The International Monetary Fund warned that the restriction of labour-broking “would come at the high price of even less job creation. Labour brokers should be encouraged unless problems with dismissal practices are addressed in parallel,” it said.

Another cause of job losses has been well-intentioned regulation, such as the Financial Advisory and Intermediate Services Act of 2002.

Some people, such as the Free Market Foundation’s Leon Louw, believe that the act has had the unintended consequence of squeezing smaller, independent advisers out of the industry.

He says the key measure of “policy persistency” — the rate at which policies are cancelled within their first year — has gone up from 12% to 18%, suggesting that the quality of the advice offered is worse than ever.

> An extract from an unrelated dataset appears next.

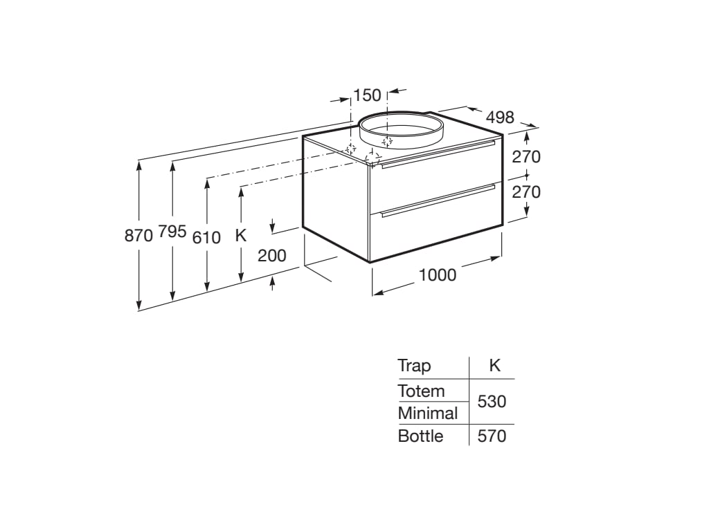 Basin position: Central Basin type: Semi-recessed Doors and drawers combination: 2 drawers Furniture configuration: Drawers Installation type: Wall-hung, Wall-hung with legs Material: Chipboard Space-saving waste included Tap position: Central

In a reply to a question in parliament earlier this year, Finance Minister Pravin Gordhan said that 15 977 advisers were no longer practising after their licences were withdrawn, suspended, declined, or they were debarred.

Louw holds that these people lost their jobs due to over-regulation. Gordhan, in his reply to parliament, argued that the regulatory clampdown was in line with the global trend “to tighten financial regulations, not lessen them”.

“There is a need for tougher licensing and fit and proper criteria to apply to all financial services providers, and to take adequate steps to prevent theft of deposits, reckless lending, money laundering and other financial crimes,” Gordhan said.

Another well-intentioned regulation that is going to cost tens of thousands of jobs is the proposed ban on liquor advertising.

The government says it will reduce the negative impact of alcoholism by lowering alcohol consumption through the ban.

But a study by Econometrix found that the actual effect of the ban will be negligible when it came to alcohol consumption.

Econometrix MD Robert Jeffrey said: “The majority of studies that we have reviewed found that the major factors that influence young people to drink are: family environment, including parent and sibling behaviour; peer behaviour; socioeconomic status; personal attitudes and personal problems.”

Instead, the ban would wipe out R7.4-billion in GDP at 2011 prices, reducing tax receipts by R1.8-billion.

This in turn would result in the loss of 2 573 highly skilled employees, 5 288 skilled jobs and 2 779 semiskilled workers. Econometrix has warned that a total of 11 954 people in employment would lose their jobs if the ban went ahead.

The estimated effect on trade is that exports would decrease by R225million, while imports would decline by R304-million.

Another investigation by the marketing guru Chris Moerdyk found that the brunt of the advertising ban would be borne by the SABC (R400million), DStv and e.tv (R500-million) while a further R2.6-billion would be lost in sports sponsorship and development.

The effect of the ban on alcohol consumption would be “negligible”, according to Moerdyk. Canada, Denmark and New Zealand had imposed and then reversed similar bans after it was found they had no effect on alcohol abuse.

South Africa ranks “40 out of 40” countries measured for “licence and permits systems, regulatory and administrative opacity”.

The IMF cited a survey by the consultancy Grant Thornton entitled Emerging Markets Opportunity Index: High Growth Economies, which found that regulation and red tape were the second-largest barrier to business expansion with manufacturing most affected.

“Problems include the high cost, complexity, and amount of time it takes to deal with red tape associated with starting and running a business in South Africa.”

Despite this, the government has proposed another layer of red-tape in the guise of the Licensing of Businesses Bill.

According to the law firm Bowman Gilfillan, the bill would require all businesses to obtain a licence from each municipality in which they operate.

The bill allows for licences to be revoked summarily, including if “illegal immigrants” were hired by the business.